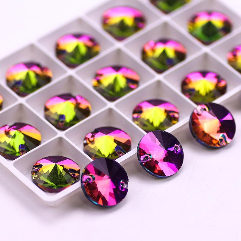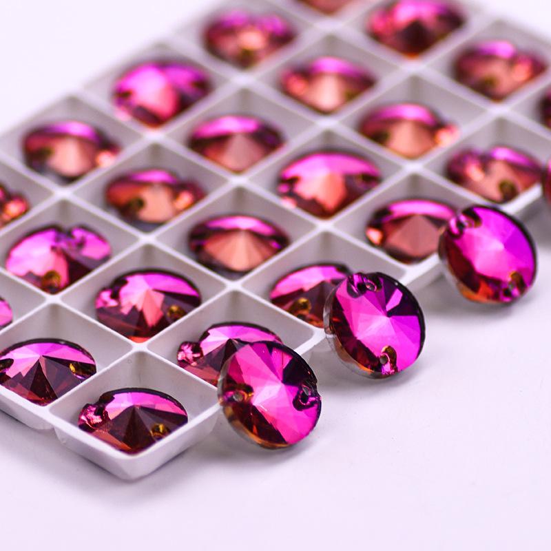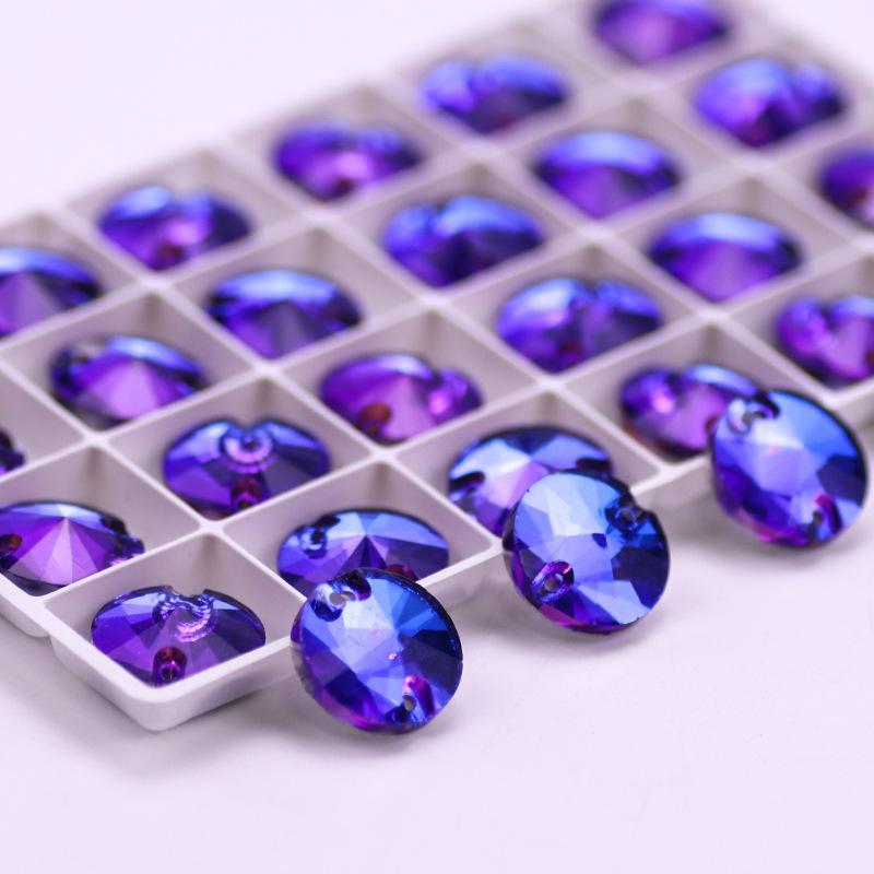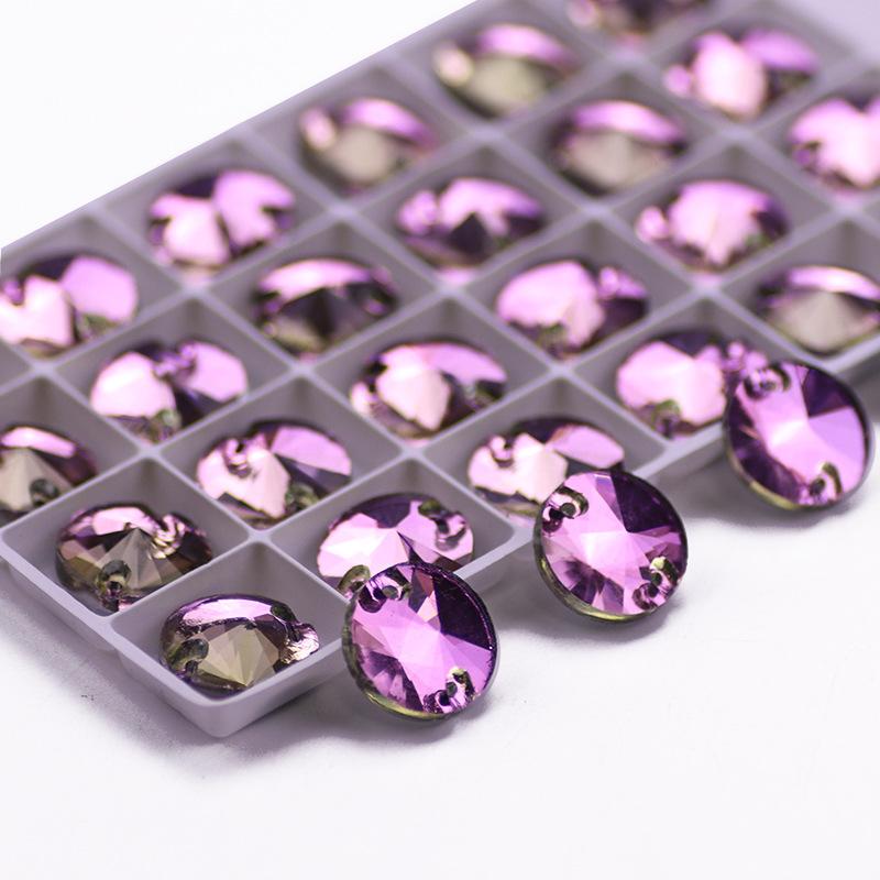 Nuevo satélite redondo de fondo plano con hebilla plana, cosido a mano, piedra, terciopelo morado, verde, rojo, llama, cristal, diamante, accesorios de ropa DIY
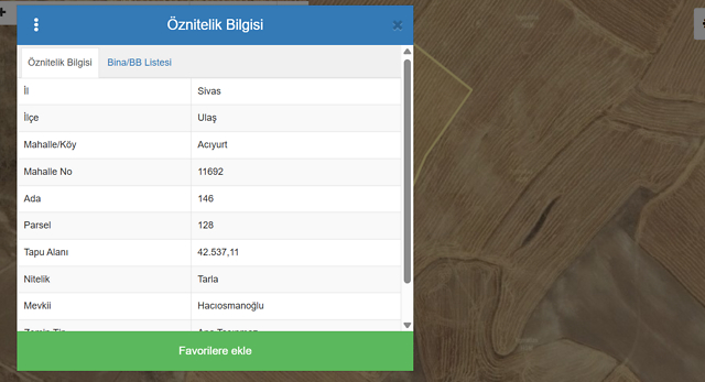 Özellikler : Taşınmaz; Sivas ili, Ulaş ilçesi, Acıyurt mahallesi, 146 ada 128 parsel konumlu 'Tarla' vasfında taşınmazdır. Toplam yüzölçümleri 42.537,11 m2'dir.
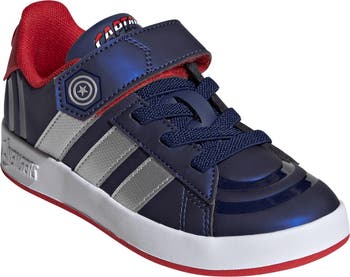 This classic faux-leather court sneaker gets a hero-worthy upgrade with metallic side stripes and bold Captain America branding.
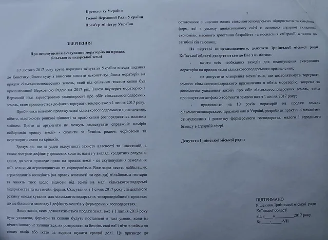 Якщо ж за підрахунками дослідників відкриття ринку землі для України як держави та її громадян є вигідним, то чому ж депутати Ірпіньради виступають проти цього? Для того щоб розібратись у даному питанні пропоную детальніше розглянути аргументи ірпінських обранців громади, викладені у їхньому зверненні до вищого керівництва держави.
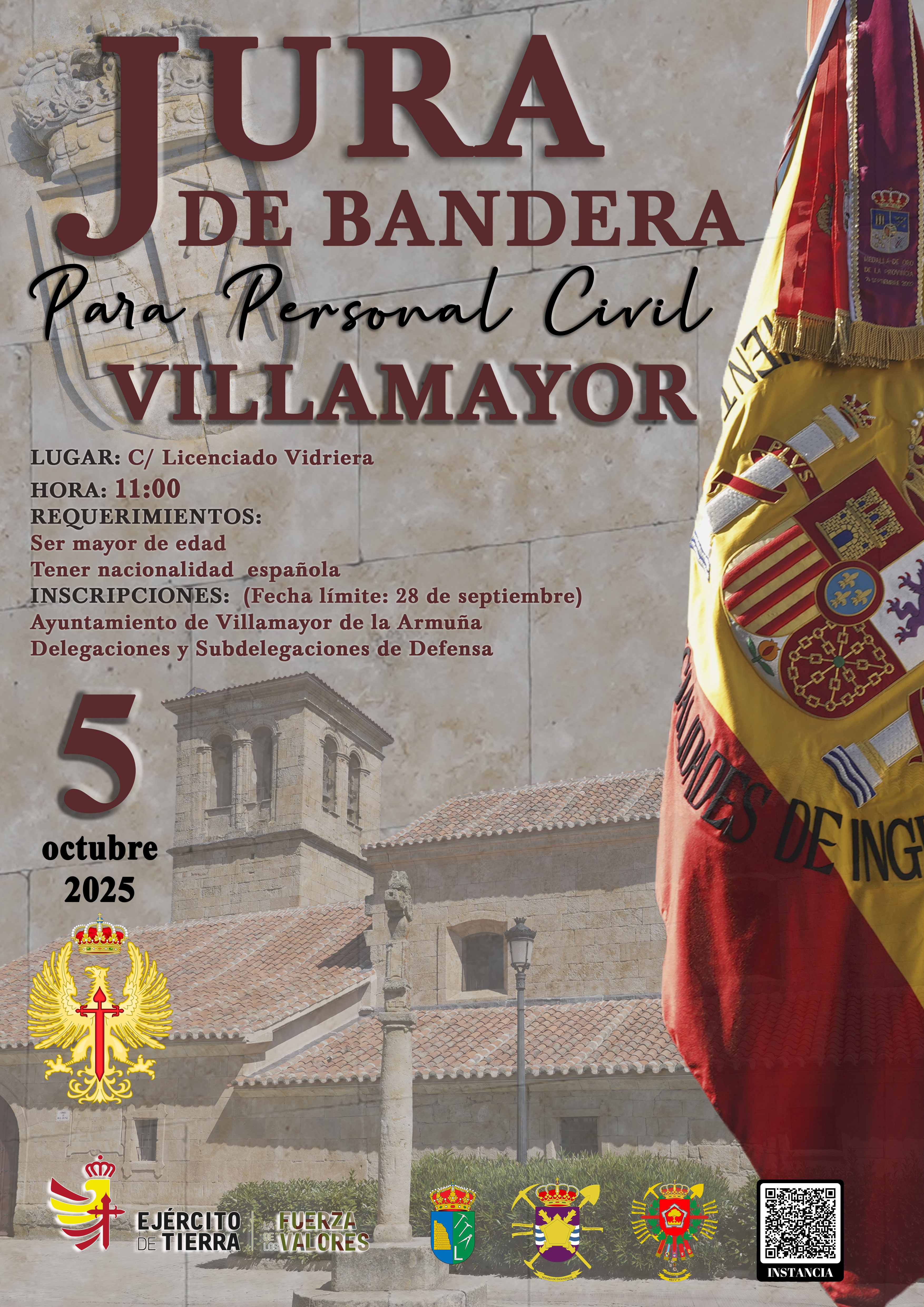 El próximo domingo 5 de octubre de 2025, a las 12:00 horas, Villamayor de la Armuña acogerá un solemne acto de Jura de Bandera para personal civil, organizado por el Regimiento de Especialidades de Ingenieros nº 11 de Salamanca.
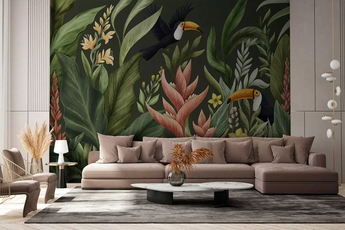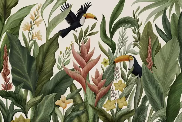 Fotomurales Plantas tropicales y aves de pico grande sobre fondo claro Nr. w05088
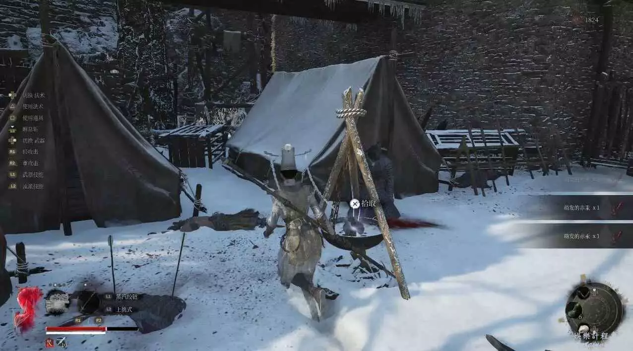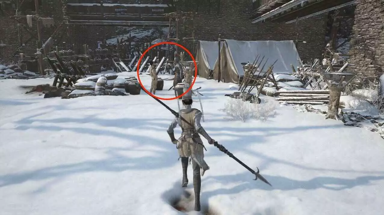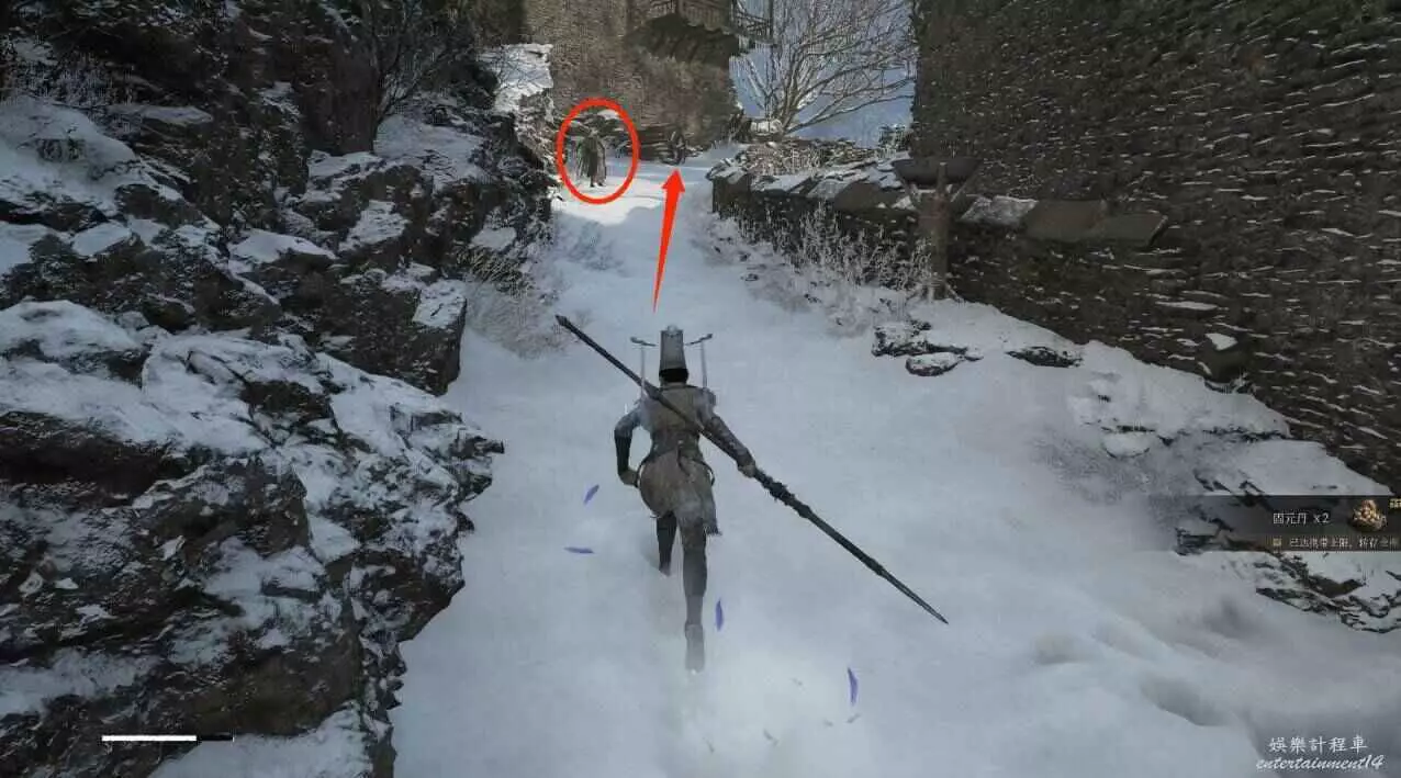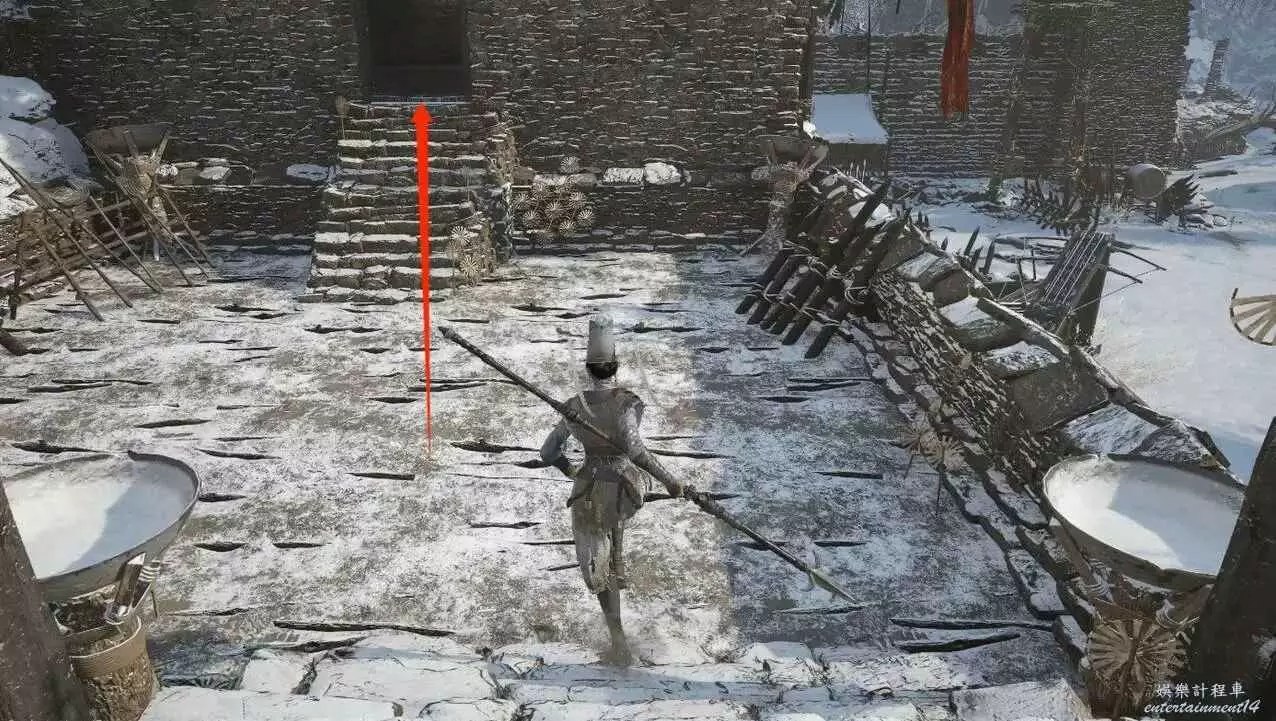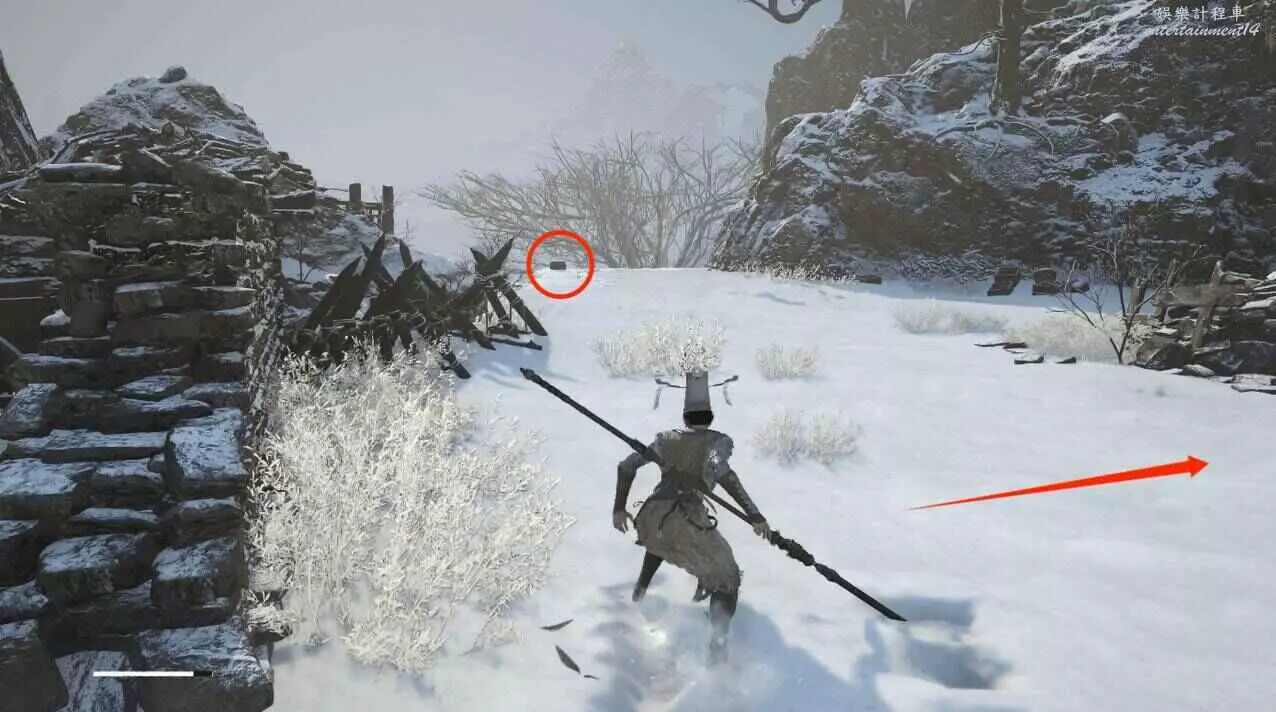 擊敗後我們先走右側箭頭處有一名在休息的明軍我們需要率先擊敗,如果我們不管他接著往前走他會從後面偷襲我們,不清楚敵人方位的情況下可以經常按索敵鍵(滑鼠中鍵,手把R3鍵)來確認敵人位置。這名敵人我們可以繞後破刹擊殺,身邊拾取【新生的赤汞*1】。
= = = = =
**What you will do:** Pictures in the listing above must be skipped; everything else should be copied exactly.

**Output of the task:**
 Nuevo satélite redondo de fondo plano con hebilla plana, cosido a mano, piedra, terciopelo morado, verde, rojo, llama, cristal, diamante, accesorios de ropa DIY
 Özellikler : Taşınmaz; Sivas ili, Ulaş ilçesi, Acıyurt mahallesi, 146 ada 128 parsel konumlu 'Tarla' vasfında taşınmazdır. Toplam yüzölçümleri 42.537,11 m2'dir.
 This classic faux-leather court sneaker gets a hero-worthy upgrade with metallic side stripes and bold Captain America branding.
 Якщо ж за підрахунками дослідників відкриття ринку землі для України як держави та її громадян є вигідним, то чому ж депутати Ірпіньради виступають проти цього? Для того щоб розібратись у даному питанні пропоную детальніше розглянути аргументи ірпінських обранців громади, викладені у їхньому зверненні до вищого керівництва держави.
 El próximo domingo 5 de octubre de 2025, a las 12:00 horas, Villamayor de la Armuña acogerá un solemne acto de Jura de Bandera para personal civil, organizado por el Regimiento de Especialidades de Ingenieros nº 11 de Salamanca.
 Fotomurales Plantas tropicales y aves de pico grande sobre fondo claro Nr. w05088
 擊敗後我們先走右側箭頭處有一名在休息的明軍我們需要率先擊敗,如果我們不管他接著往前走他會從後面偷襲我們,不清楚敵人方位的情況下可以經常按索敵鍵(滑鼠中鍵,手把R3鍵)來確認敵人位置。這名敵人我們可以繞後破刹擊殺,身邊拾取【新生的赤汞*1】。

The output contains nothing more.